Quantum computers need tip-top error corrections
10 Jan 2018 by Evoluted New Media
A team of quantum physicists have shown that large-scale quantum computers can be built with technology currently available, when combined with error-correction techniques.
The study, carried out by an international team of researchers and published in Physical Review X, shows that if suitable error-correction is used, ion-trap technologies are suitable for building large-scale quantum computers.
“We still fail in running complex computations because environmental noise and errors cause the system to get out of control,” said quantum physicist Rainer Blatt from the University of Innsbruck and the Institute of Quantum Optics and Quantum Information of the Austrian Academy of Sciences. “By using quantum error correction, we can respond to this challenge better.”
In order to do this they introduced new variants of fault-tolerant protocols and investigated how these can be implemented with currently available operations on quantum computers. The researchers found that a new generation of segmented ion traps offers ideal conditions for the process: Ions can be shuttled quickly across different segments of the trap array. Precisely timed processes allow parallel operations in different storage and processing regions. By using two different types of ions in a trap, scientists may use one type as carriers of the data qubits while the other one may be used for error measurement, noise suppression and cooling.

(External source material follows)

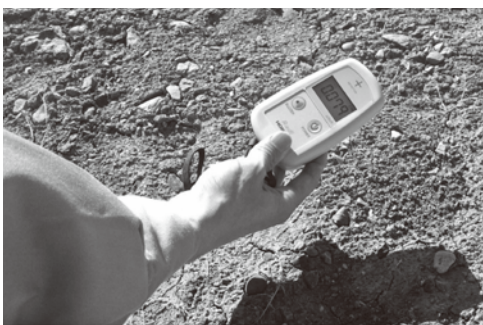
貸し出ししている放射線量測定器

Classical computers use similar schemes to detect and correct errors during data storage and transfer. Before data is stored and transferred, redundancy is added, usually in the form of additional bits to allow the detection of errors. Scientists have developed comparable schemes for quantum computers, where quantum information is encoded in several entangled physical quantum bits.
“Here we exploit quantum mechanical properties for error detection and correction,” explained team member Markus Müller from Swansea University. “If we can keep the noise below a certain threshold, we will be able to build quantum computers that can perform quantum computations of arbitrary complexity by increasing the number of entangled quantum bits accordingly.”
The team say they have shown through complex numerical simulations of the new error correction protocols how the hardware of next generation ion-trap quantum computers has to be built to be able to process information fault-tolerantly.